06 April 2021

A Visual Conception of SLC's Past

Rachel's conception of SLC's past, portrayed as a layer cake
I tend to think that we are living in SLC Version 5.0, or somewhere thereabouts.

This is an extreme oversimplification of the history of the SLC area, but it allows my inner archaeologist to conceive of SLC in a layer cake fashion with the different versions of the city built on top of one another.

In my mind:Version 1.0 is all human history prior to the Mormons arrival in 1847. The indigenous history as well as the explorers and the trappers. The key is that for SLC, everything drastically changed with the arrival of Brigham Young.

Version 2.0 is Brigham Young’s kingdom of early Mormon pioneers with their log cabins, adobe houses, and extensive farmland.

Version 3.0 is the urban building boom of the 1890s through the 1920s (give or take a decade).
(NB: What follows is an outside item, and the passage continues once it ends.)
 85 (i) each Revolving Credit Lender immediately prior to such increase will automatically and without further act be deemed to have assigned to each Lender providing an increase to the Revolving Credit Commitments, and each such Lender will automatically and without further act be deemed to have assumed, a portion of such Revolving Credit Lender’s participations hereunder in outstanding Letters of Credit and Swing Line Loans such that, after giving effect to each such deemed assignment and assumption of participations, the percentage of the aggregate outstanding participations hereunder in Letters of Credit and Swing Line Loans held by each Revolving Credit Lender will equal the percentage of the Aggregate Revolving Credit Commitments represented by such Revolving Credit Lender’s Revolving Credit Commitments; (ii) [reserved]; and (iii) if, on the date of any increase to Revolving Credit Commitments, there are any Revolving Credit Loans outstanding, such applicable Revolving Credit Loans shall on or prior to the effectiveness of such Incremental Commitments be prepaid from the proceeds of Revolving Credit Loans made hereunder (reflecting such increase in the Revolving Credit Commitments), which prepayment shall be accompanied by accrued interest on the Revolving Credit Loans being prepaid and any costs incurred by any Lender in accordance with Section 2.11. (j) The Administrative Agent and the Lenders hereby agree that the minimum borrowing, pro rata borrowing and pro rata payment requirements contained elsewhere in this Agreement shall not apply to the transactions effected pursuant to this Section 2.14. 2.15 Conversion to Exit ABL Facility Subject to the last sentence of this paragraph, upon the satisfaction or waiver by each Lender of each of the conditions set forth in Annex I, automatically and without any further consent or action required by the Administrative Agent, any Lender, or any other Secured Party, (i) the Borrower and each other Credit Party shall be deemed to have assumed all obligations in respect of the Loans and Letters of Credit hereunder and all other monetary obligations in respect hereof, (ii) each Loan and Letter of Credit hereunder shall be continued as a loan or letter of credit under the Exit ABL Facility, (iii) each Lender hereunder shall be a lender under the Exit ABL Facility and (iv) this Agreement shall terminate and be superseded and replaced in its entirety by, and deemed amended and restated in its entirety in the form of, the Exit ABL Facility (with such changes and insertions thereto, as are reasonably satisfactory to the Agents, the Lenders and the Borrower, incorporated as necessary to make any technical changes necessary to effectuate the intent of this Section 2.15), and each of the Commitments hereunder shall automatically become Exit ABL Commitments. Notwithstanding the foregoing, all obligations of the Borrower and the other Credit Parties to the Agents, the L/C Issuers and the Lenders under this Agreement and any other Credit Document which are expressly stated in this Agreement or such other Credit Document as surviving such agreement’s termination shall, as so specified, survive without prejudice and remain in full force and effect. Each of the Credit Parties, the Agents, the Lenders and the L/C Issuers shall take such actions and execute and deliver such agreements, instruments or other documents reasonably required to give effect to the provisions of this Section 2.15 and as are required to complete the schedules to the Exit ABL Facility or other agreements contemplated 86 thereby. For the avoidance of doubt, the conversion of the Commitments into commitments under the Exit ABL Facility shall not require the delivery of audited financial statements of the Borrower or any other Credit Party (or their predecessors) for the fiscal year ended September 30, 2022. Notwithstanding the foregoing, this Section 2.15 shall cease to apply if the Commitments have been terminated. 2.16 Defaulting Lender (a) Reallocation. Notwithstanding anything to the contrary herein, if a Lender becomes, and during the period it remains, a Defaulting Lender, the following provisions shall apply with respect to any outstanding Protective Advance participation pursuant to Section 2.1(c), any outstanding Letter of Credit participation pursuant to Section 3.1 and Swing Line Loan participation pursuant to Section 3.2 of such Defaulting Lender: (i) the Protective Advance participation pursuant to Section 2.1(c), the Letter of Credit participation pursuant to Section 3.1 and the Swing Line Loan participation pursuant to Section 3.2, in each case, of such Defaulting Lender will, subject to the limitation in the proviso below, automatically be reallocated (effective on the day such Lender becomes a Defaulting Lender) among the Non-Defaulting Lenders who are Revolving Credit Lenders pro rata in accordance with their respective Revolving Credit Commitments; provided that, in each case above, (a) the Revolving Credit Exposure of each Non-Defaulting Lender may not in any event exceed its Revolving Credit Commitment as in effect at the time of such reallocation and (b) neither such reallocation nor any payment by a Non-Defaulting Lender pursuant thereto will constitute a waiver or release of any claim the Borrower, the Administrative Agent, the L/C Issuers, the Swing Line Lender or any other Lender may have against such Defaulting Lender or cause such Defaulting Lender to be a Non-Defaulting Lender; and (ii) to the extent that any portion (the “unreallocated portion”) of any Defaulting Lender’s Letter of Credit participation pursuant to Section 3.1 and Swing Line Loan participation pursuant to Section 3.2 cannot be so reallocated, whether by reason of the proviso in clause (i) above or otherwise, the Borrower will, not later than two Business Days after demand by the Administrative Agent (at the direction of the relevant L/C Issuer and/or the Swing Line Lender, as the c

This is when a lot of the buildings we now consider “historic” were built. In reality, these now historic buildings replaced older SLC historic landmarks. The demolition of Valley House in 1915 is a good example of this.

Version 4.0 is the post WWII redevelopment phase. This is when SLC abandoned the streetcars in favor of automobiles. Large shopping areas with large parking lots like Sears (and later suburban malls) pulled people away from downtown SLC. Designed suburban neighborhoods with front facing garages were built to cater to the [White] WWII veteran and his growing baby boomer family- Rose Park and Veteran Heights neighborhoods come to mind.
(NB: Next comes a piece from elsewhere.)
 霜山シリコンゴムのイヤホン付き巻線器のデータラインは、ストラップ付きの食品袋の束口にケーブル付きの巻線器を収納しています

Version 5.0 is all the new construction currently being built. I give you 400 South, for example.

Of course, sometimes V1.0 pops up, like when part of a Fremont-age archaeological site was discovered during the construction of TRAX on South Temple in 2000.

Or V2.0 survives long enough to be replaced immediately by V5.0 as was the case with the recent demolition of the John B. Kelley adobe house on 200 West.

Anyway, that’s how I think about SLC.